Investing In Your Backyard: Regional Capital

Investing In Your Backyard: Regional Capital

Raising capital for entrepreneurs in our local economy is not just an investment decision. It can also be a great way to support innovation and growth where you live.

Many of our current, and hopefully future, clients have benefited from the Seattle region’s unique business climate, and participating in the seeding of new, high-growth companies will help ensure that ecosystem of technology and innovation continues to thrive.

Of course, investing in start-ups is not for everyone. There is significant risk involved and your investment is not liquid. But having the resources to generate capital regionally is critical to the economy, and we believe cultivating those resources is important.

Chris DeVore (picture above) is a director at Techstars Seattle, and a partner at seed-stage investment fund, Founders’ Co-op. Founders’ has provided seed investments for a number of local companies and recently put together its third, “first-dollar” funding round of $20 million for local, high-growth tech companies.

In the latest post on his Crash/Dev blog, DeVore explains the problem of capital flow, when it comes to funding smaller, regional startups.  While there is more good capital out there than good investments, most of that capital is held by large institutional investors, and doled out in large increments to large, mature companies, he explained. For various reasons, large funders are not well equipped to allocate smaller blocks of capital to young, high-growth companies. That’s where regional capital comes in.

Devore spells out four ways to encourage the flow of regional capital:

  – Support and invest in funds that raise money for local, early-stage companies.

  – Support the creation of new intermediaries for seed funding.

  – Share information and best practices.

  – Spread stories of success.


Unblocking capital for local markets is something Highland supports.
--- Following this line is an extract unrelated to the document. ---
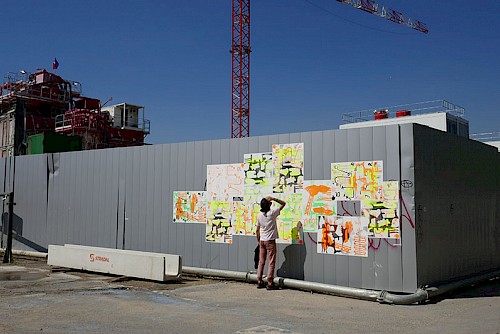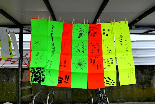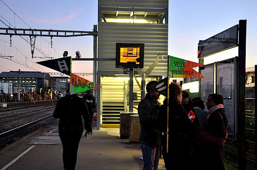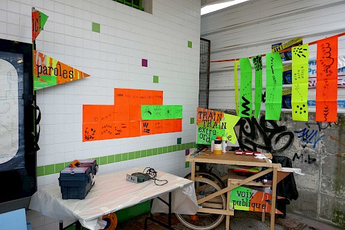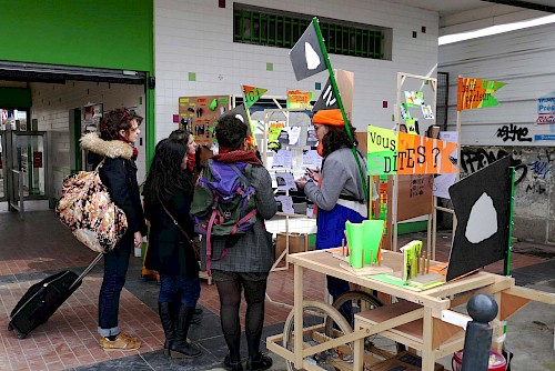 Le collectif Ne Rougissez Pas ! a proposé aux passants ponctuels ou aux usagers habitués de la gare et ses alentours de répondre à des questions absurdes, participer à des jeux, lancer des mots, des phrases, crier bas, chuchoter fort .Ils ont deviné, inventé et imaginé les bruits et les paroles du chantier des Ardoines.

Founders’ and funds like it can be unique investment vehicles for high net worth individuals willing to accept the risks involved with being a ground floor investor.

The Seattle area has a world class track record as an incubator of some of the most innovative and profitable companies (i.e. the next Amazon, Starbucks or Blue Nile) and we think supporting that ecosystem in any way helps make your community a better place. If this is the place you intend to stay and the place you expect your children and grandchildren to grow up in, it only makes sense to personally invest in its growth and prosperity.